The aggregation scope includes all row fields and global fields.

See also

result()

Parameters:named_exprs (varargs of Expression) – Aggregation expressions.
Returns:GroupedMatrixTable
describe(handler=<built-in function print>)[source]

Print information about grouped matrix table.

group_cols_by(*exprs, **named_exprs) → GroupedMatrixTable[source]

Group columns.

Examples

Aggregate to a matrix with cohort as column keys, computing the call rate as an entry field:

>>> dataset_result = (dataset.group_cols_by(dataset.cohort)
...                          .aggregate(call_rate = agg.fraction(hl.is_defined(dataset.GT))))

Notes

All complex expressions must be passed as named expressions.

Parameters:
  • exprs (args of str or Expression) – Column fields to group by.
  • named_exprs (keyword args of Expression) – Column-indexed expressions to group by.
Returns:

GroupedMatrixTable – Grouped matrix, can be used to call GroupedMatrixTable.aggregate().

group_rows_by(*exprs, **named_exprs) → GroupedMatrixTable[source]

Group rows.

Examples

Aggregate to a matrix with genes as row keys, computing the number of non-reference calls as an entry field:

>>> dataset_result = (dataset.group_rows_by(dataset.gene)
...                          .aggregate(n_non_ref = agg.count_where(dataset.GT.is_non_ref())))

Notes

All complex expressions must be passed as named expressions.

Parameters:
  • exprs (args of str or Expression) – Row fields to group by.
  • named_exprs (keyword args of Expression) – Row-indexed expressions to group by.
Returns:

GroupedMatrixTable – Grouped matrix. Can be used to call GroupedMatrixTable.aggregate().

partition_hint(n: int) → hail.matrixtable.GroupedMatrixTable[source]

Set the target number of partitions for aggregation.

Examples

Use partition_hint in a MatrixTable.group_rows_by() / GroupedMatrixTable.aggregate() pipeline:

>>> dataset_result = (dataset.group_rows_by(dataset.gene)
...                          .partition_hint(5)
...                          .aggregate(n_non_ref = agg.count_where(dataset.GT.is_non_ref())))

Notes

Until Hail’s query optimizer is intelligent enough to sample records at all stages of a pipeline, it can be necessary in some places to provide some explicit hints.
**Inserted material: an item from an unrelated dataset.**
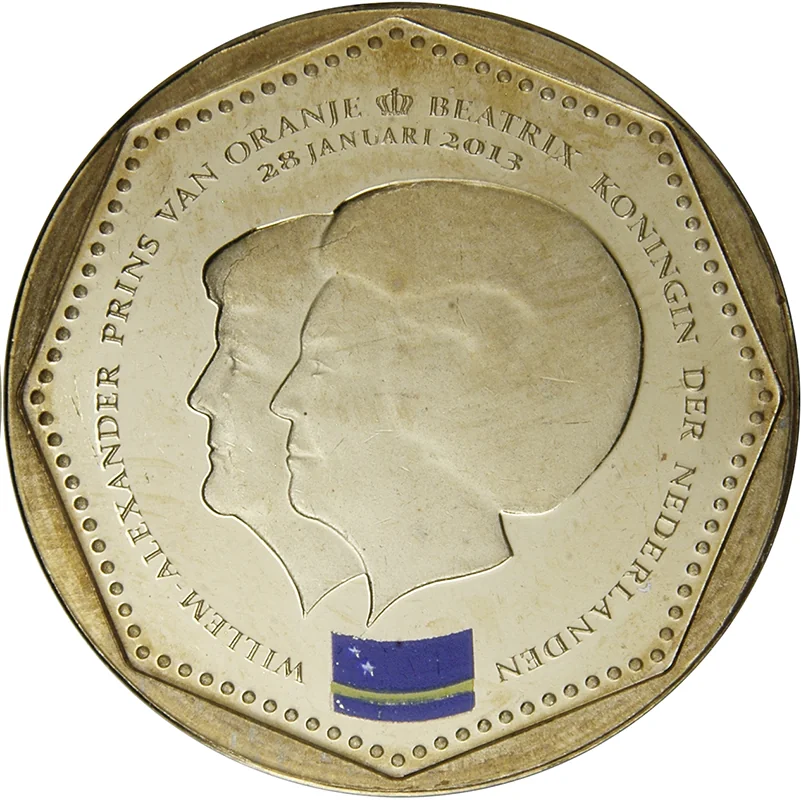 Curaçao coat of arms flanking value.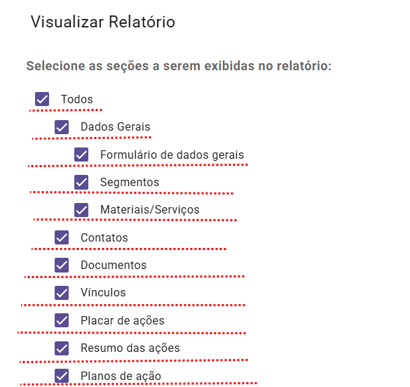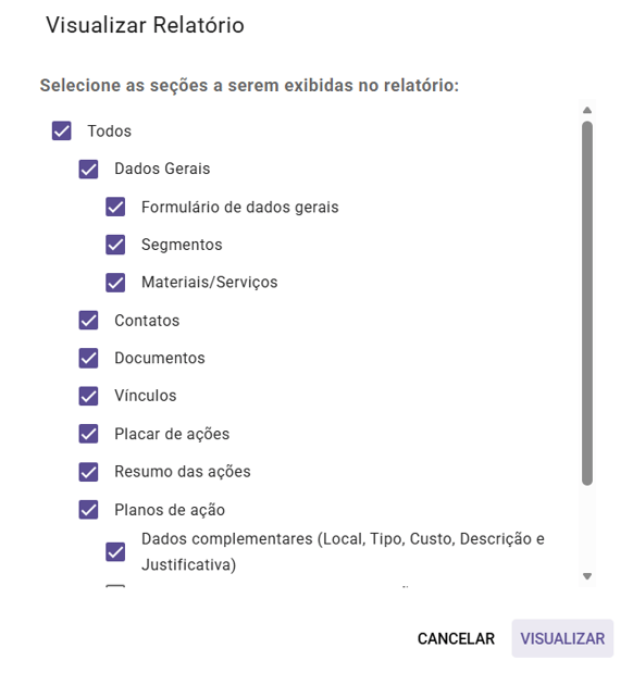 Nessa tela, você poderá marcar ou desmarcar as opções para escolher os tópicos desejáveis para serem exibidos no relatório.

The default number of partitions for GroupedMatrixTable.aggregate() is the number of partitions in the upstream dataset. If the aggregation greatly reduces the size of the dataset, providing a hint for the target number of partitions can accelerate downstream operations.

Parameters:n (int) – Number of partitions.
Returns:GroupedMatrixTable – Same grouped matrix table with a partition hint.
result() → hail.matrixtable.MatrixTable[source]

Return the result of aggregating by group.

Examples

Aggregate to a matrix with genes as row keys, collecting the functional consequences per gene as a row field and computing the number of non-reference calls as an entry field:

>>> dataset_result = (dataset.group_rows_by(dataset.gene)
...                          .aggregate_rows(consequences = agg.collect_as_set(dataset.consequence))
...                          .aggregate_entries(n_non_ref = agg.count_where(dataset.GT.is_non_ref()))
...                          .result())

Aggregate to a matrix with cohort as column keys, computing the mean height per cohort as a column field and computing the number of non-reference calls as an entry field:

>>> dataset_result = (dataset.group_cols_by(dataset.cohort)
...                          .aggregate_cols(mean_height = agg.stats(dataset.pheno.height).mean)
...                          .aggregate_entries(n_non_ref = agg.count_where(dataset.GT.is_non_ref()))
...                          .result())

See also

aggregate()

Returns:MatrixTable – Aggregated matrix table.